Hi everyone, I wanted to share a problem I have with the Camunda Engine that i think has to do with Job Executor.
I have a process that starts with Message Event and then i have few Service tasks after. After some number of active proceses (sometimes 500, sometimes 2500) camunda just stops doing any jobs on that process. Since i have Async after on the Message Event in Cockpit it is just showing (1) on Message Event and it is stuck there (No exceptions in log, no information, no incidents).
After this happens to one process, any other jobs on new process instances get stuck on the same step until i do the restart of Engine. When i restart the engine Camunda starts doing stucked processes and they eventually all come to end.

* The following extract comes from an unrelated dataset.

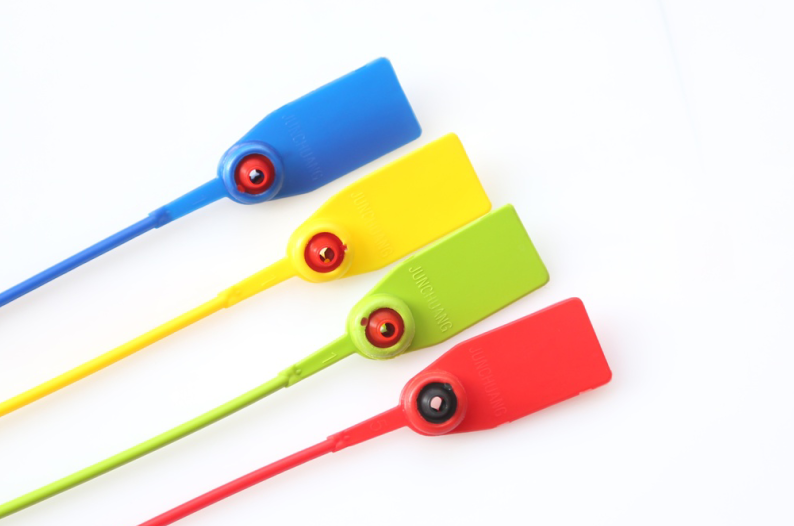 因为塑料封条以上的特性,使得它在运输过程中起到了很大的作用,不止可以实现铁路集装箱运输全过程监控,铁路集装箱运输,还可以减少工作人员的工作强度,工作效率,并且可以跟踪和管理,获得经济和社会效益。
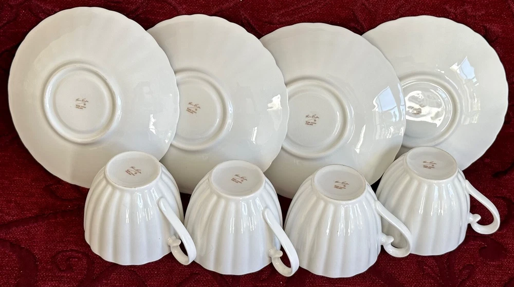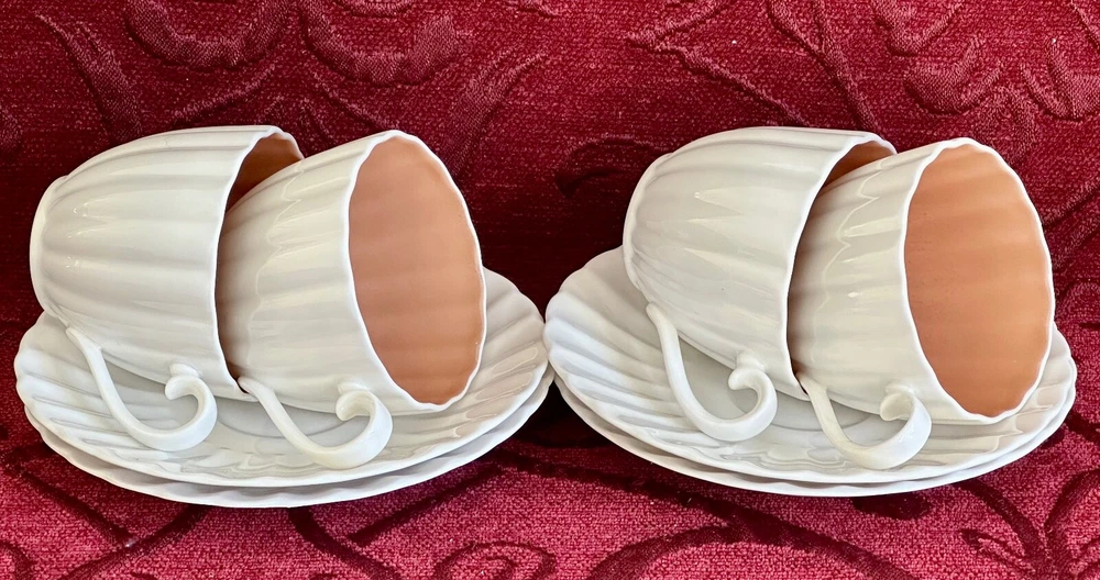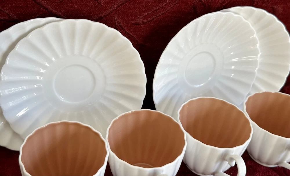 Susie Cooper Coffee Set Description Vintage C1950's 8 piece espresso coffee set designed by Susie Cooper for Wedgwood in their white and mushroom pink fluted/scalloped design. Made in England, the set comprises 4 x cups, 4 x saucers. All pieces are in excellent condition and the whole set presents beautifully with no chips or cracks with no obvious wear. Buy with confidence it is a gorgeous set in fine bone china and ready to use. The cups are espresso size and measure 6.5cms in diameter across the rim by 5.5cms high. The saucers measure 13cms in diameter across the rim. To see what else is available Click here to visit our store All sizes are approximate and p lease view the comprehensive photos as they do form part of the description. Payment Payment can be made by Paypal, bank deposit/transfer or cash on collection. Bank details are available when you go through checkout. Shipping All items are sent through Australia Post with tracking and will be posted within 2 business days of receiving payment. Always be assured that your purchases will be packed with the utmost care and attention and we are always happy to combine items.

My idea was that the issue with Job Executor so I changed the configuration of Pool of Job Executor from min: 25 max 50 to min 10 max 20 and it seems that lowering the pool actually postponed the stucking from max of 1000 process instances running to 2500 process instances running so i decided to give default values to Job Executor 3 min and 10 max and now 5000 process instances are run without any stucking issue.
Does anyone know why the process is stuck if the Pool for Job Executor is higher.
I tried Camunda 7.10.0 and 7.11.0 with Java 11 (OpenJDK). Camunda is running on Spring Boot 2.1.5, 3.3.1 (Camunda Spring Boot Starter).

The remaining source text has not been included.